**WORK REQUIRED:** Every line of the data below should be retyped exactly, with no images carried over.

═══ SOURCE DATA

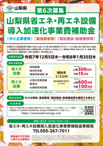 [都留市商工会] 【お知らせ】山梨県賃金アップ企業等省エネ・再エネ設備導入加速化事業費補助金の第6次募集について
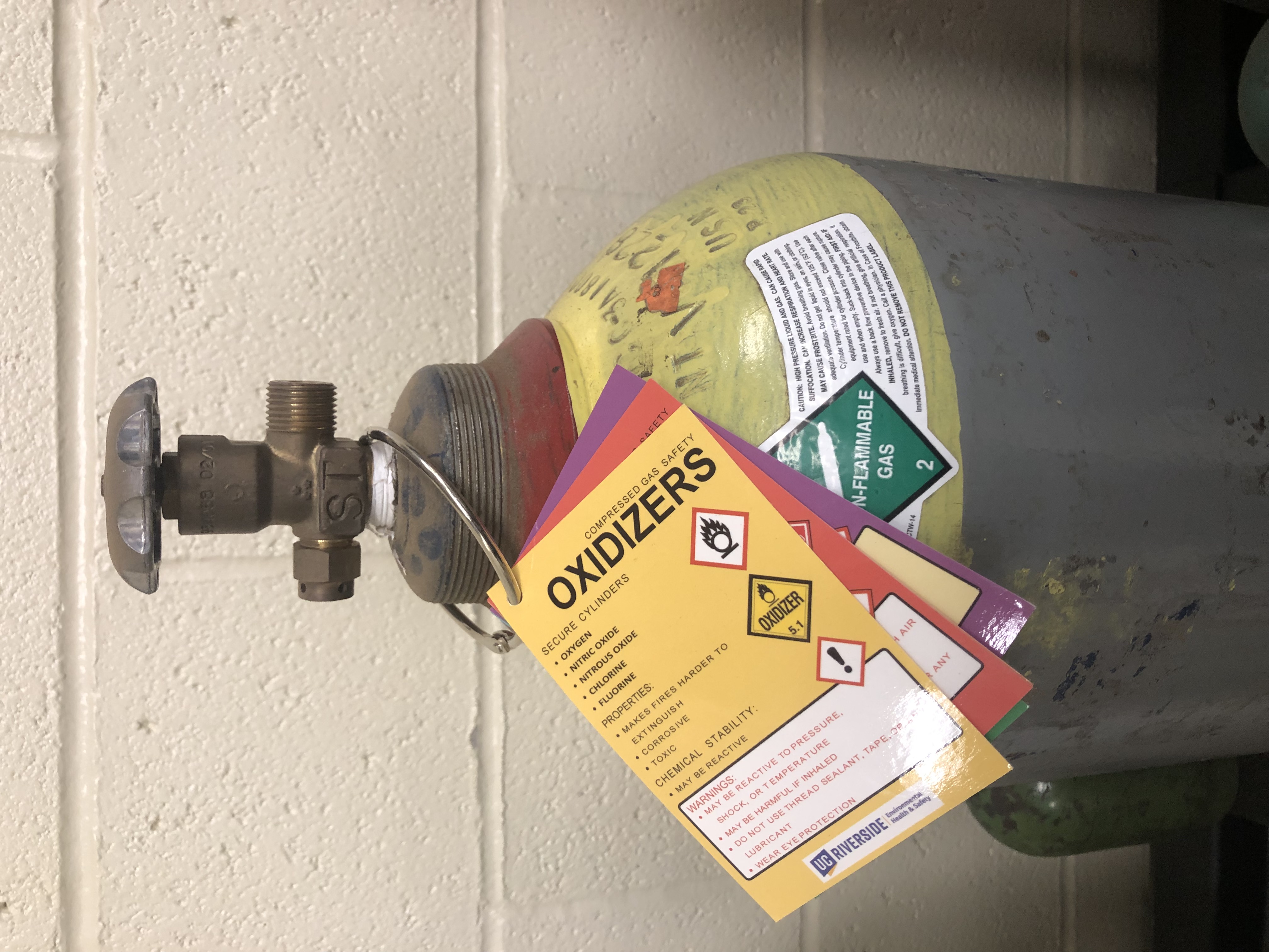 Compressed Gas Safety Cards shown hanging on tank neck
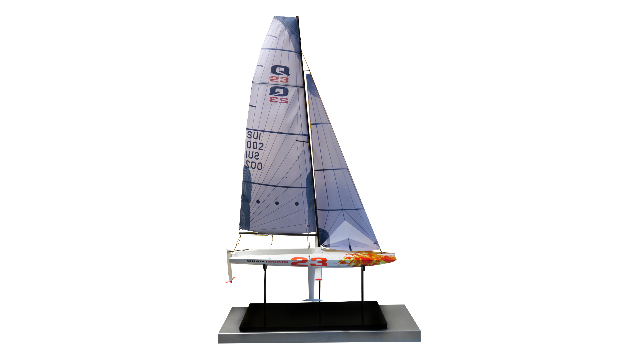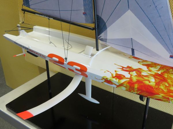 The Swiss Museum of Transport has set up a number of showcases for "foil technology in the maritime sector," prominently featuring the Quant 23. The basic model was produced by Irpd AG, which prepared the 3D data and then lasered the model in PA12. In addition, the model was painted and foiled.
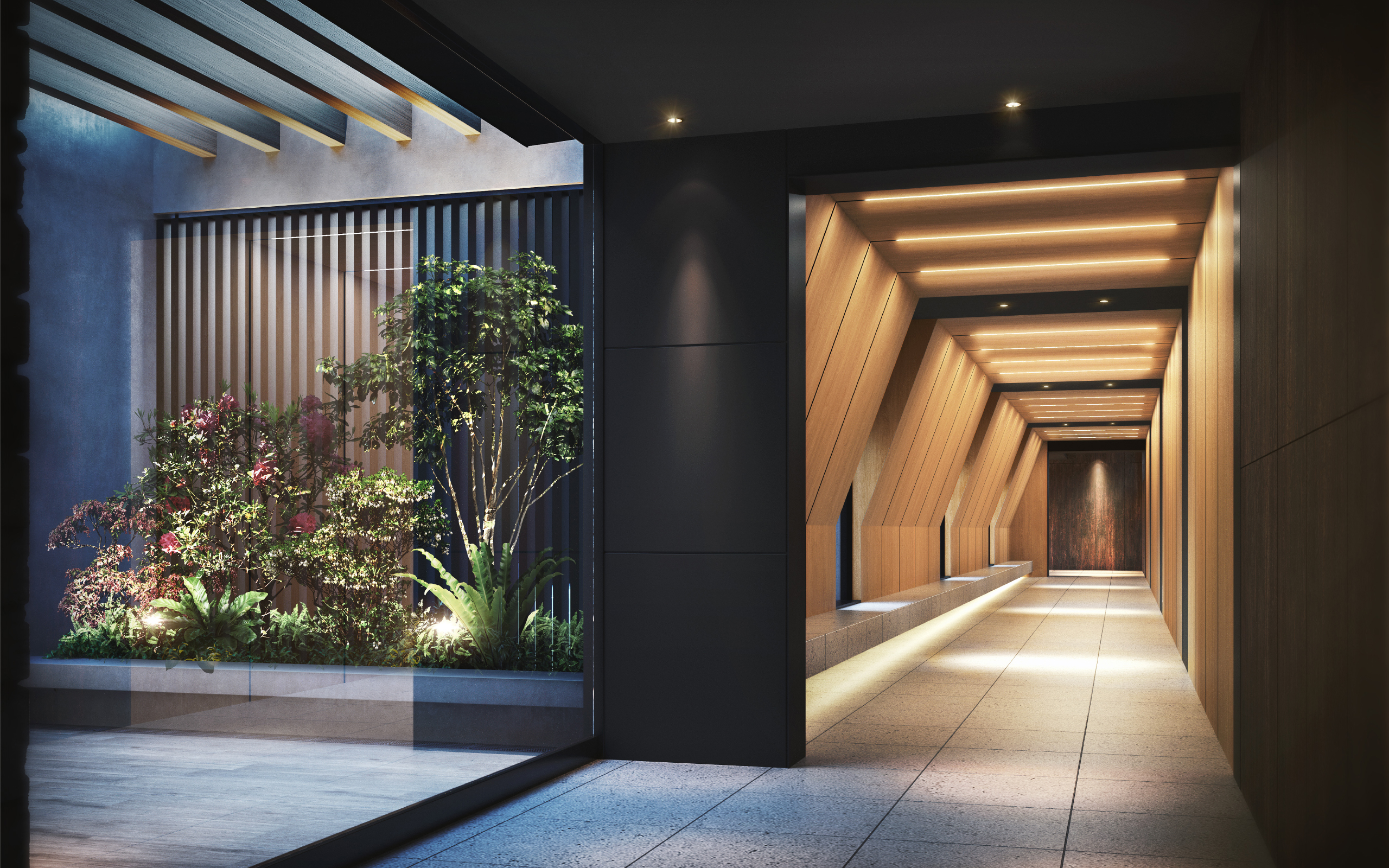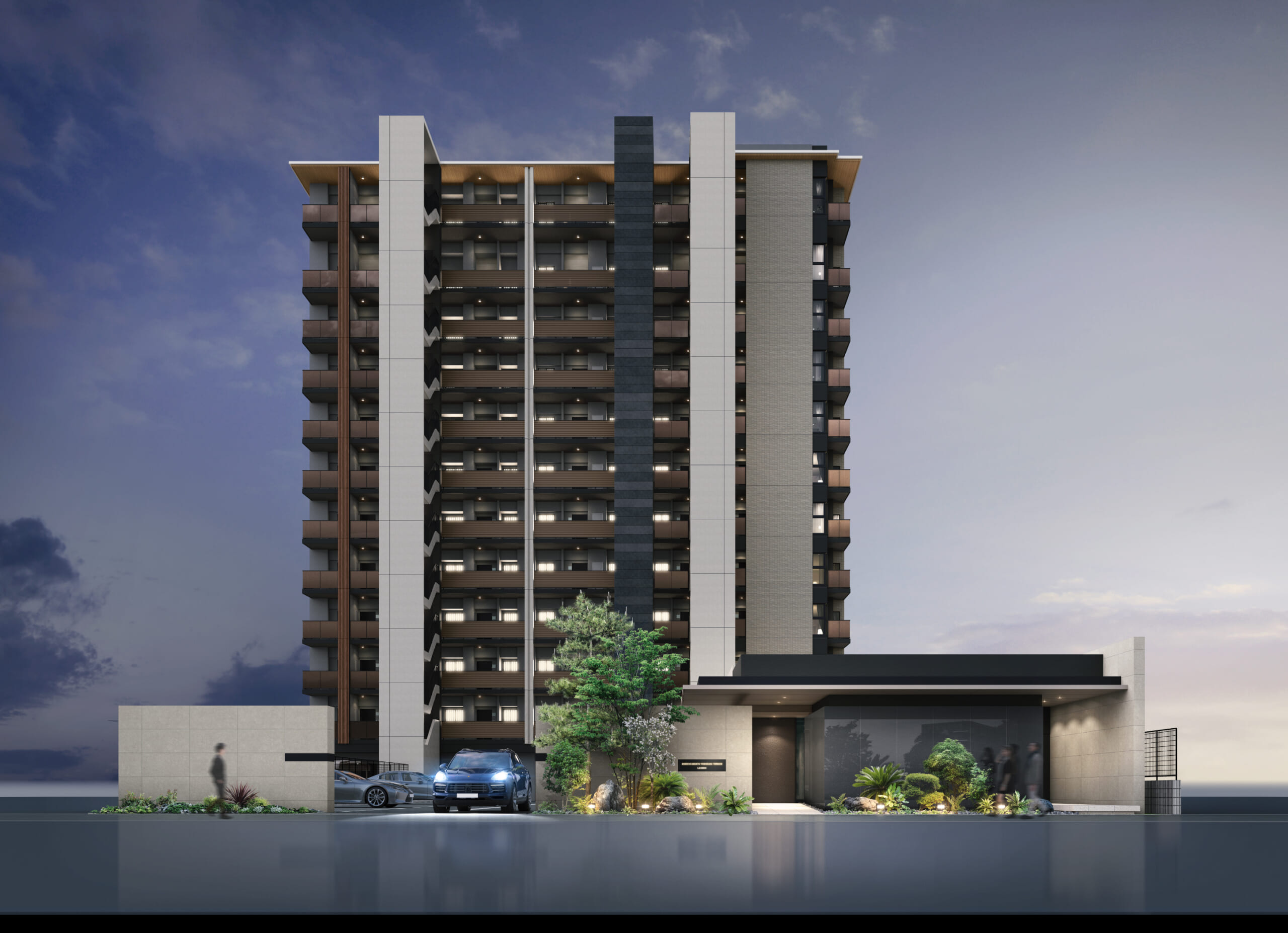 落着いた街並みを背景に、ひときわの存在感を放つレジデンス
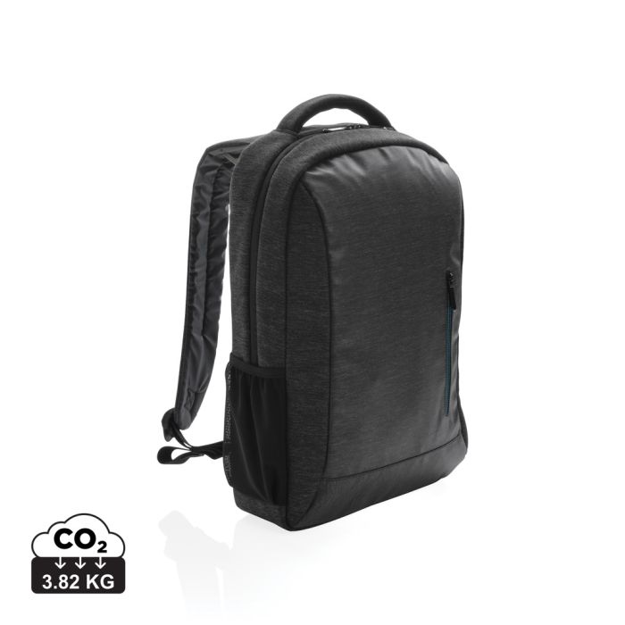 Carry all of your gear for school or travel inside this 900D laptop backpack. It's made from durable fabric and features a sporty, urban inspired design with custom fit straps for added comfort. This backpack includes a fully padded laptop compartment, a large main compartment to hold books or extra layers of clothing and a front zipper pocket for accessories. There is also a trolley strap on the back. Fits laptops up to 15.6”. PVC free.
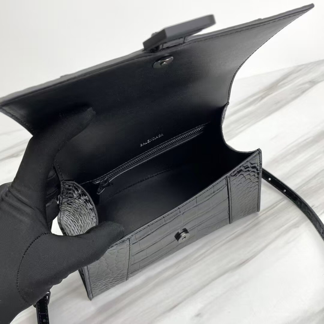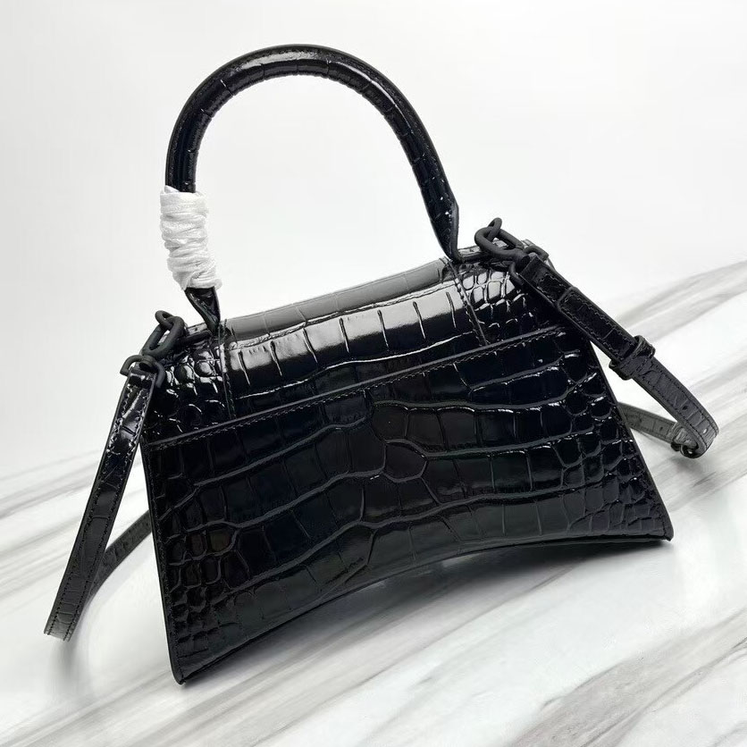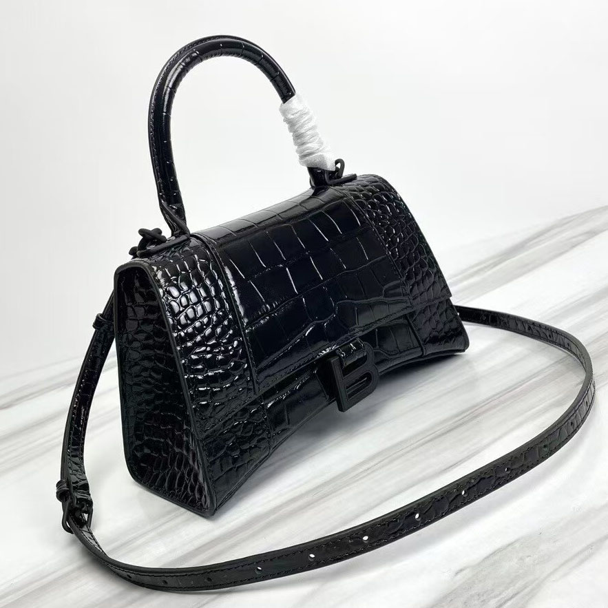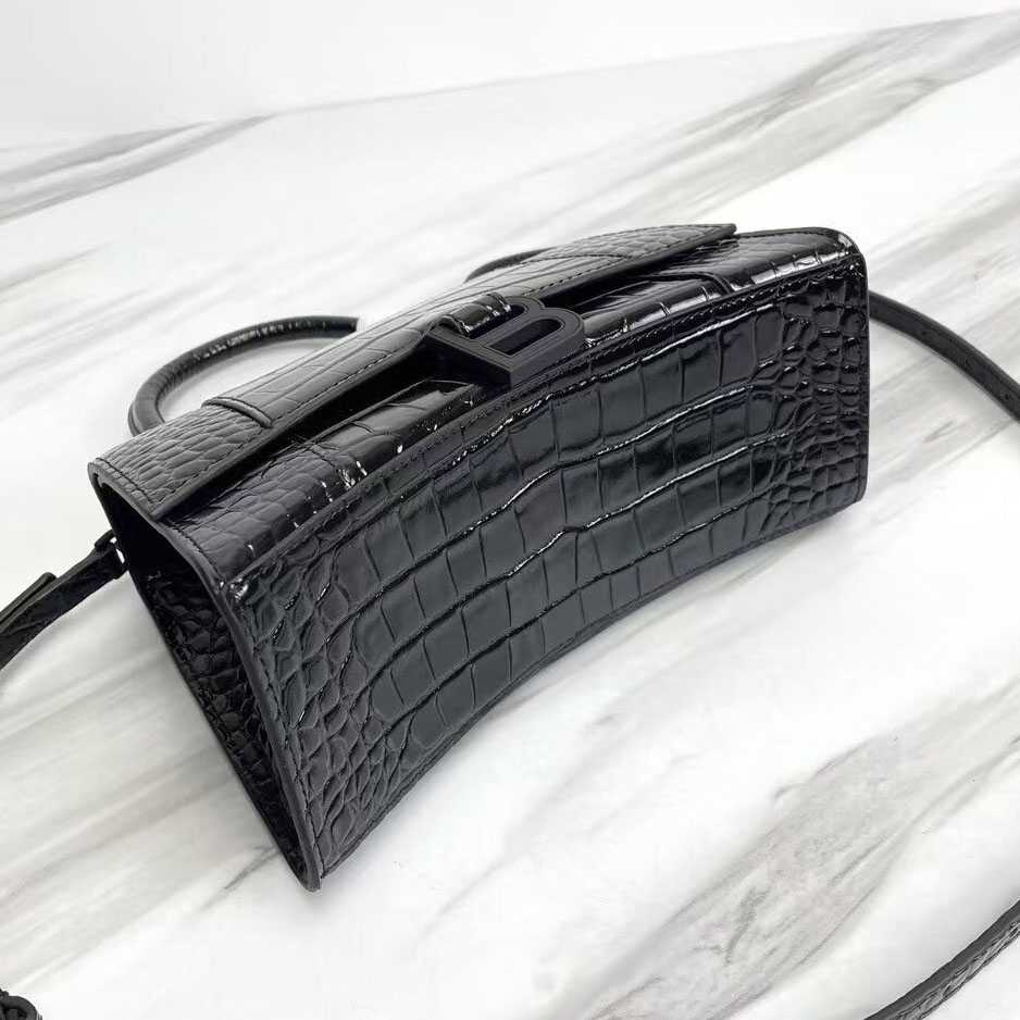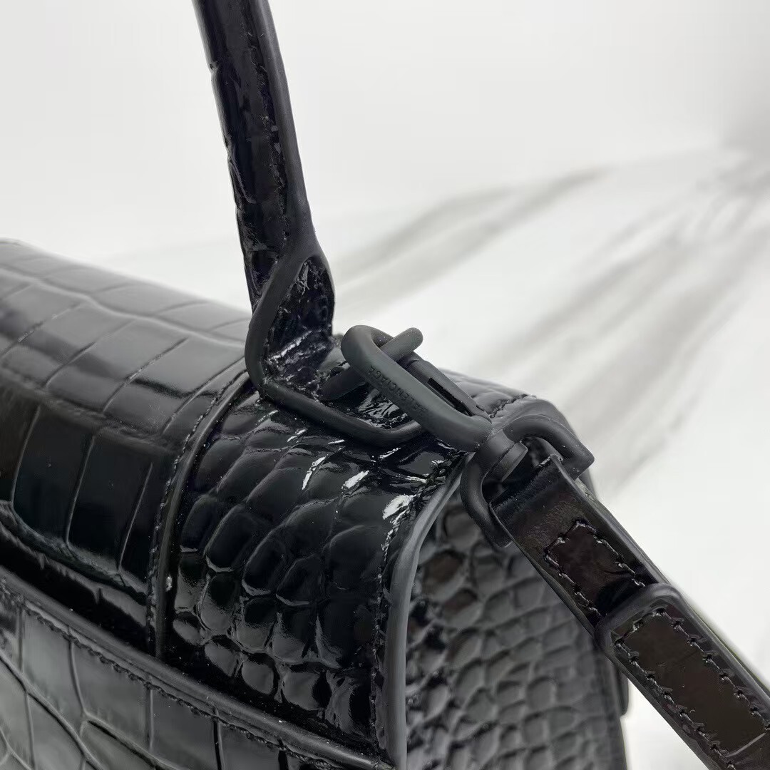 Balenciaga Hourglass Croc-Embossed Black Patent Top Handle Handbag

══════

**EXERCISE RESPONSE:**
 [都留市商工会] 【お知らせ】山梨県賃金アップ企業等省エネ・再エネ設備導入加速化事業費補助金の第6次募集について
 Compressed Gas Safety Cards shown hanging on tank neck
 The Swiss Museum of Transport has set up a number of showcases for "foil technology in the maritime sector," prominently featuring the Quant 23. The basic model was produced by Irpd AG, which prepared the 3D data and then lasered the model in PA12. In addition, the model was painted and foiled.
 落着いた街並みを背景に、ひときわの存在感を放つレジデンス
 Carry all of your gear for school or travel inside this 900D laptop backpack. It's made from durable fabric and features a sporty, urban inspired design with custom fit straps for added comfort. This backpack includes a fully padded laptop compartment, a large main compartment to hold books or extra layers of clothing and a front zipper pocket for accessories. There is also a trolley strap on the back. Fits laptops up to 15.6”. PVC free.
 Balenciaga Hourglass Croc-Embossed Black Patent Top Handle Handbag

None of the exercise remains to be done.